• Data excerpts:
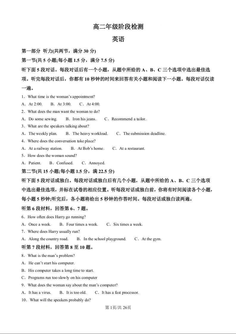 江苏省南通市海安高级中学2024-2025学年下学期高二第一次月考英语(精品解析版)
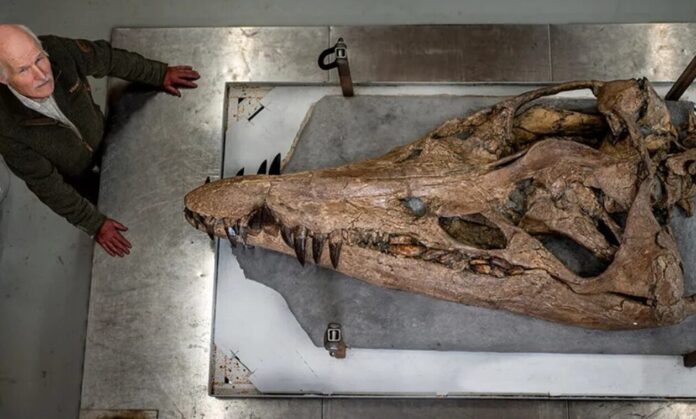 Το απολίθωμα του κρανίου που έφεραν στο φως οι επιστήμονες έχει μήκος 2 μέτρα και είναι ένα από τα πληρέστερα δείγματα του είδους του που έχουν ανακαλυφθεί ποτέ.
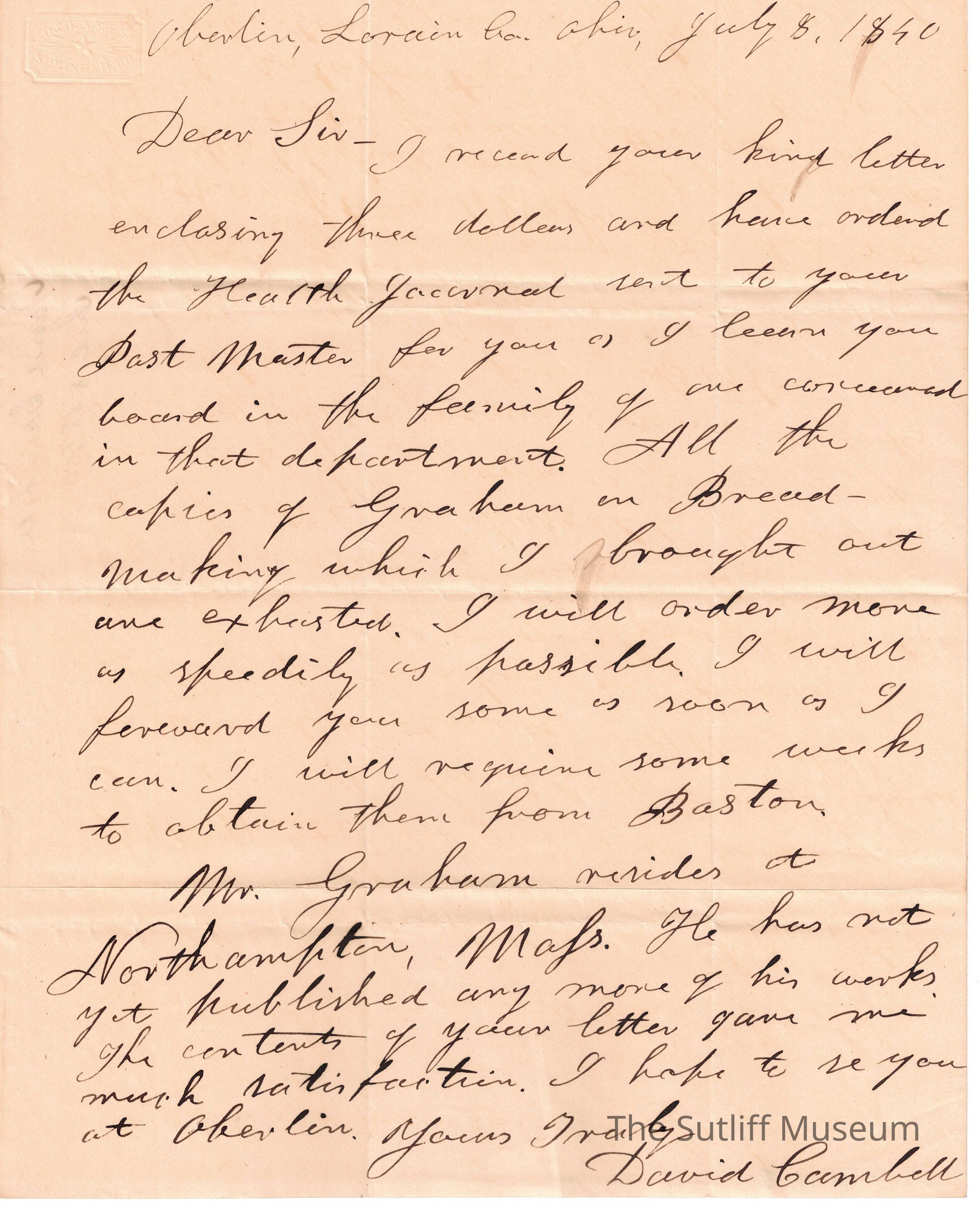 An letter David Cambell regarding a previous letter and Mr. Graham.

...

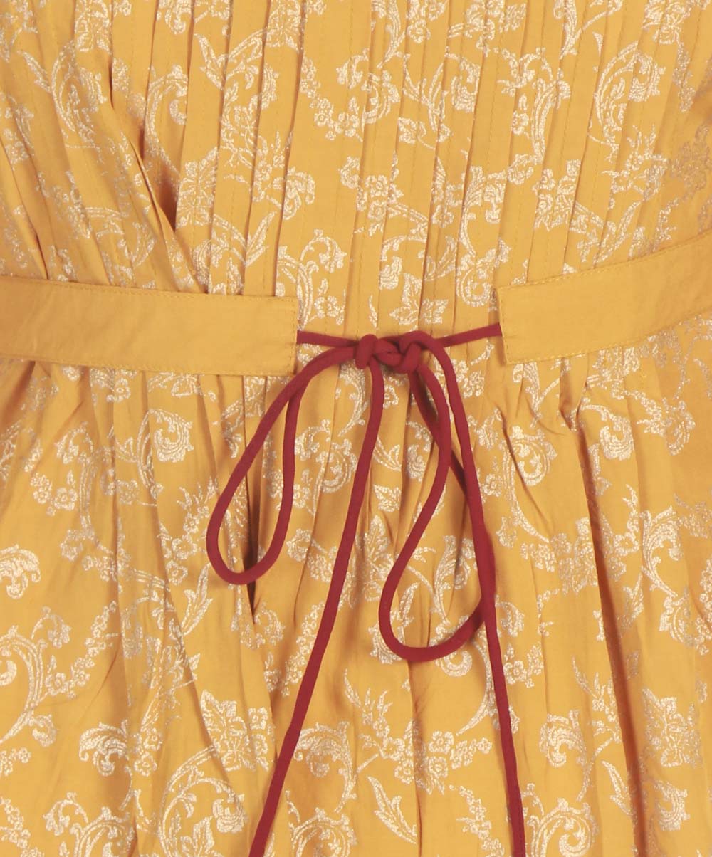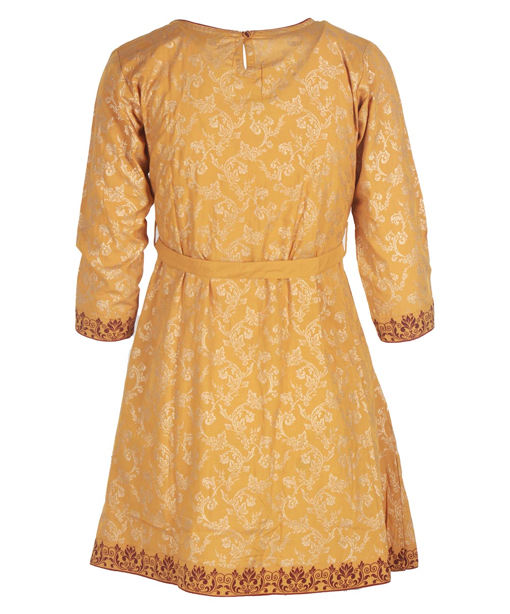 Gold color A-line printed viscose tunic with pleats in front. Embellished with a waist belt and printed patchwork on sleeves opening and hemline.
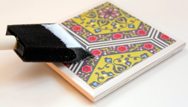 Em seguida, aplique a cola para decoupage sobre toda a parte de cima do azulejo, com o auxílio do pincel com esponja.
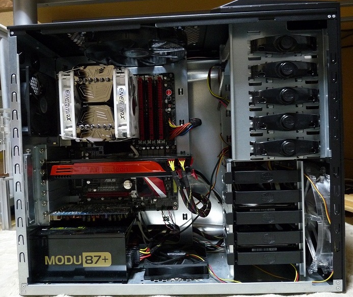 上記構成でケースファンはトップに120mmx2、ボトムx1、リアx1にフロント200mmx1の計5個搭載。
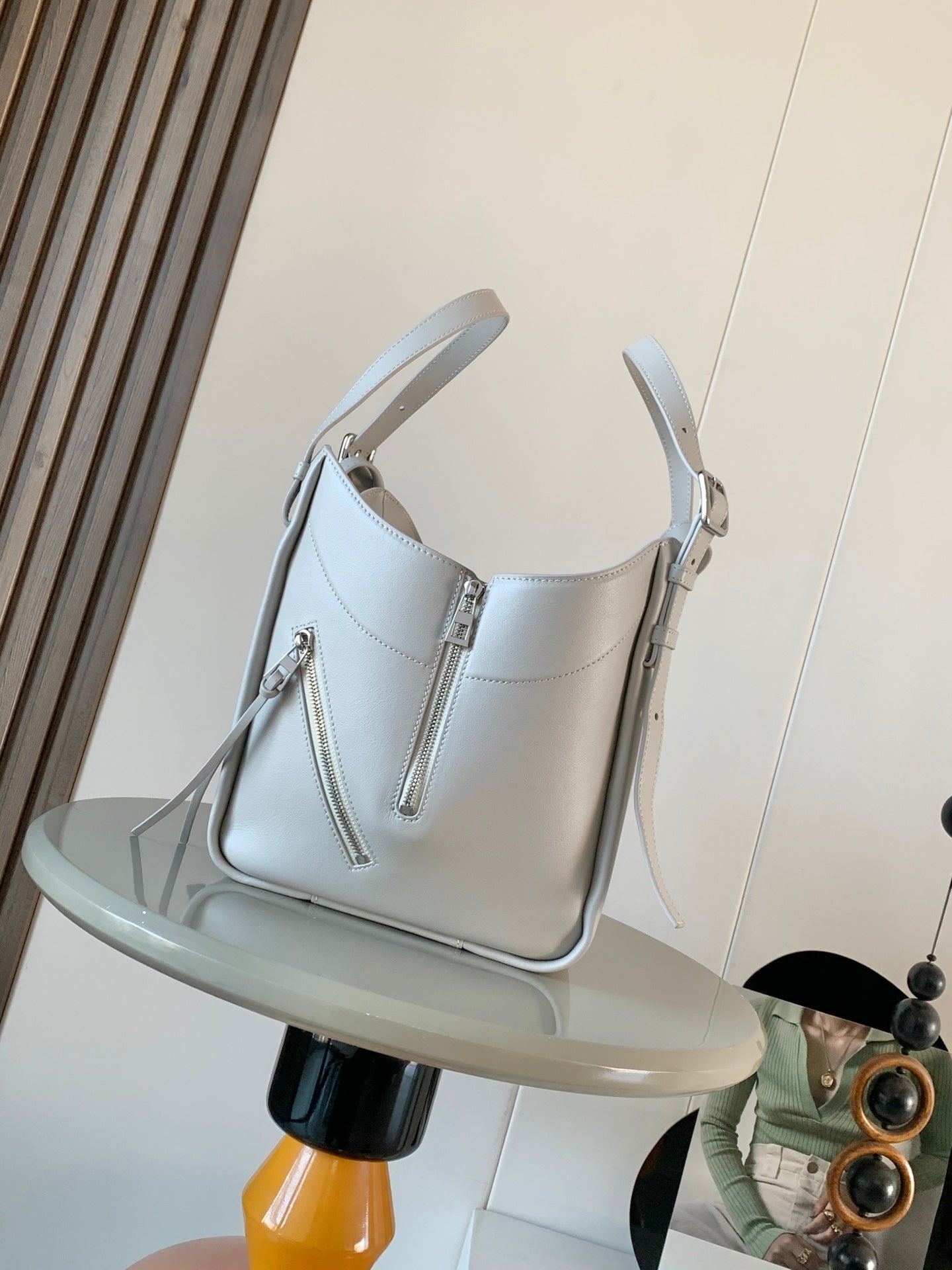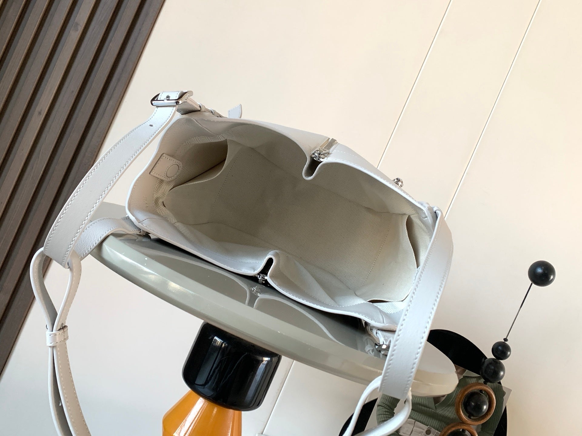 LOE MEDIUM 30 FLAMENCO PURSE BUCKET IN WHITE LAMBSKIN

...

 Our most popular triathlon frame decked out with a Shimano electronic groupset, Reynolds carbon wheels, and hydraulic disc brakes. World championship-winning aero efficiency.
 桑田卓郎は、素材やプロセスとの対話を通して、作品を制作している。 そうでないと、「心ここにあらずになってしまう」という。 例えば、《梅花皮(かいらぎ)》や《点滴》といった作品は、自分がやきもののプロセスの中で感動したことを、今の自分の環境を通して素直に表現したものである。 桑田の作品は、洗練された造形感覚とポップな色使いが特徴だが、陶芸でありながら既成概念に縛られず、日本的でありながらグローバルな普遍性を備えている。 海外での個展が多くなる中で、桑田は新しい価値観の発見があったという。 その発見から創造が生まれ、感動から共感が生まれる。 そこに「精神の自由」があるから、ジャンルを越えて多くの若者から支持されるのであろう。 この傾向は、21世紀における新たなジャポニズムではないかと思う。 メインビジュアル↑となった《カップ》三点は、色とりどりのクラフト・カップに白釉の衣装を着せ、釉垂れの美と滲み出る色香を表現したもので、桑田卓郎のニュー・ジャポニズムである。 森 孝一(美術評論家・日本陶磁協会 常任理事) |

• Work required: Transcribe the listing above exactly, but only from the line with "江苏省南通市海安高级中学20" through the line with "An letter David". Include both of those lines and omit the pictures.

• Exercise result:
 江苏省南通市海安高级中学2024-2025学年下学期高二第一次月考英语(精品解析版)
 Το απολίθωμα του κρανίου που έφεραν στο φως οι επιστήμονες έχει μήκος 2 μέτρα και είναι ένα από τα πληρέστερα δείγματα του είδους του που έχουν ανακαλυφθεί ποτέ.
 An letter David Cambell regarding a previous letter and Mr. Graham.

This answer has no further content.